Maka dari itu, McKinsey menyarankan langkah-langkah bagi negara untuk dapat segera melakukan transisi ke kehidupan normal. Antara lain, peningkatan testing dan tracing, patuh pada langkah kesehatan hingga mencapai herd immunity, testing yang cepat, akurat, dan dapat diakses secara luas. Selain itu, pemerintah perlu meningkatkan penanganan pasien lewat obat maupun terapi.

Organisasi Kesehatan Dunia (WHO) mencatat ada 198 kandidat vaksin virus corona hingga Rabu (9/9). Jumlah tersebut meningkat dibandingkan awal bulan lalu yang sebanyak 188 kandidat.

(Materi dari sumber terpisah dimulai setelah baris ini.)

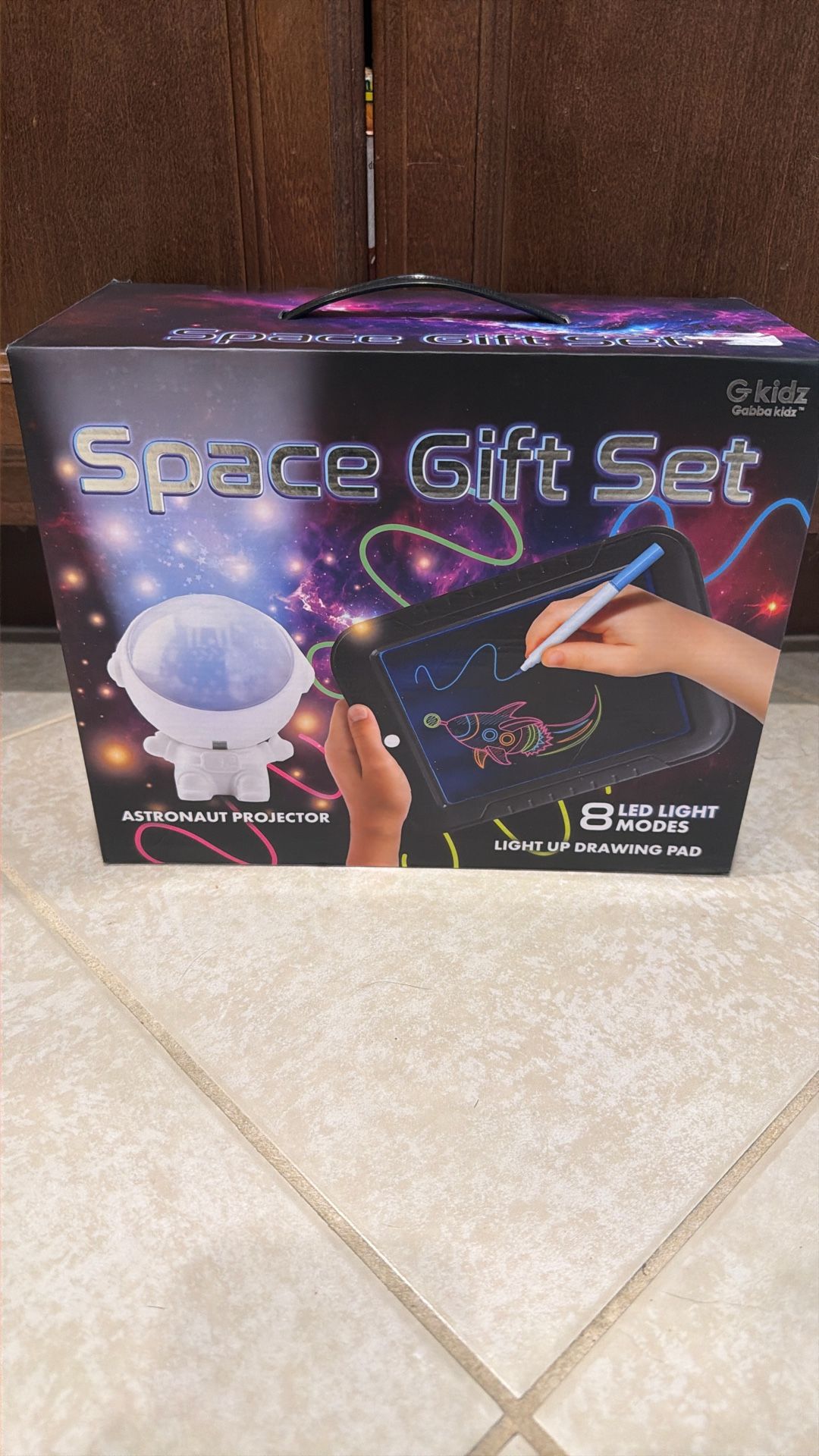 Astronaut projector, light up drawing pad, 30 stencils, six neon pens, reusable wipe cloth

Perinciannya, sebanyak 142 vaksin masih dalam tahap pra-klinis atau masih diuji coba ke hewan. Kemudian, ada 29 vaksin pada fase I, 18 vaksin pada fase II, dan sembilan vaksin pada fase III. Perbedaan pada fase I-III adalah jumlah orang yang diuji coba dengan vaksin tersebut. Berikut grafik Databoks:




WHO mengajak negara-negara kaya untuk mendukung penyebaran vaksin global sehingga dapat diakses oleh negara-negara yang miskin. WHO bersama aliansi vaksin global Gavi dan Koalisi untuk Inovasi Kesiapsiagaan Epidemi (CEPI) membuat mekanisme yang bertujuan untuk memastikan distribusi vaksin secara adil di masa depan.

Mekanisme yang dikenal dengan Covax, berupaya mengumpulkan dana untuk 92 negara miskin yang sebelumnya telah mendaftar. Lebih dari 60 negara kaya mendukung gerakan tersebut, namun tak ada Tiongkok dan Amerika Serikat.